As the years go by, the women and men and the occasional transgender teenager find themselves confronted with new worries. Having rid themselves of Bush, they must now deal with Bill Clinton's rollback of the welfare state and then find themselves confronted by a second Bush. Animals have a special place in the strip. In one episode, the entire clan gathers as they wait for Clarice's aging dog Digger to take her last breath. One of the Siamese cats dies, and Mo is convinced that the remaining one is going through survivor's guilt. By the time we leave them in 2008, the ideological differences that seemed so clear in the Reagan-Bush era are much more fuzzy; the group is split between Hillary Clinton and Barack Obama supporters and Lois is fishing out her gas mask in preparation for protesting both the Democratic and Republican conventions.

Returning readers will find much to remember and be delighted by in this sleek new volume of Bechdel's archive.

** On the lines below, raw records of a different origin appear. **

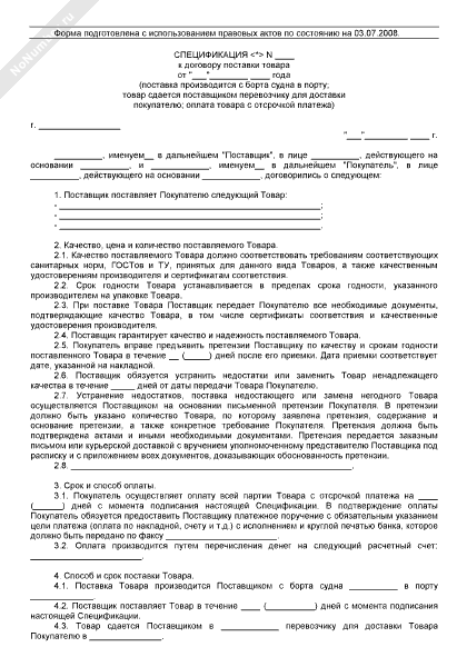 Спецификация к договору поставки товара с отсрочкой оплаты товара (передача товара производится с борта судна в порту)
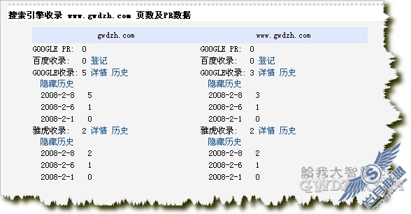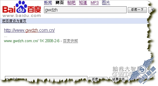 百度还是0。没敢对百度抱太大希望。随手在百度搜“gwdzh”,居然有内容,粗看网址,那不是我的网站吗,终于收录了,心里暗喜。
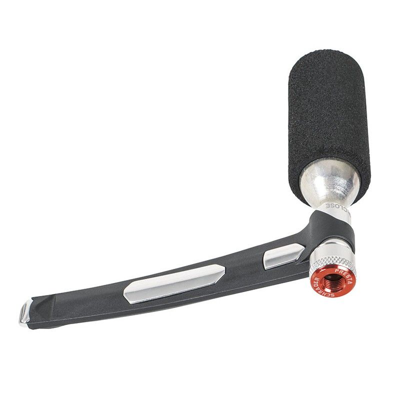 Design compact. Contrôle du flux d'air en tournant la cartouche. Convient aux valves Presta et Schrader. Convient aux cartouches de CO² 16 gr avec filetage. Démonte-pneus en aluminium et protecteur en plastique pour éviter d'endommager le bord des jantes.

Newer readers will find a world that may resonate with their experiences or seem utterly alien. By 2008, Madwimmin has long shut down, devoured by the rapacious chain named Bounders. Given the changes wrought to lesbian communities since DTWOF first appeared in print, even old fans might find themselves wondering if the world portrayed here, defined by its chaotic fidelity to community and communal living, can still exist.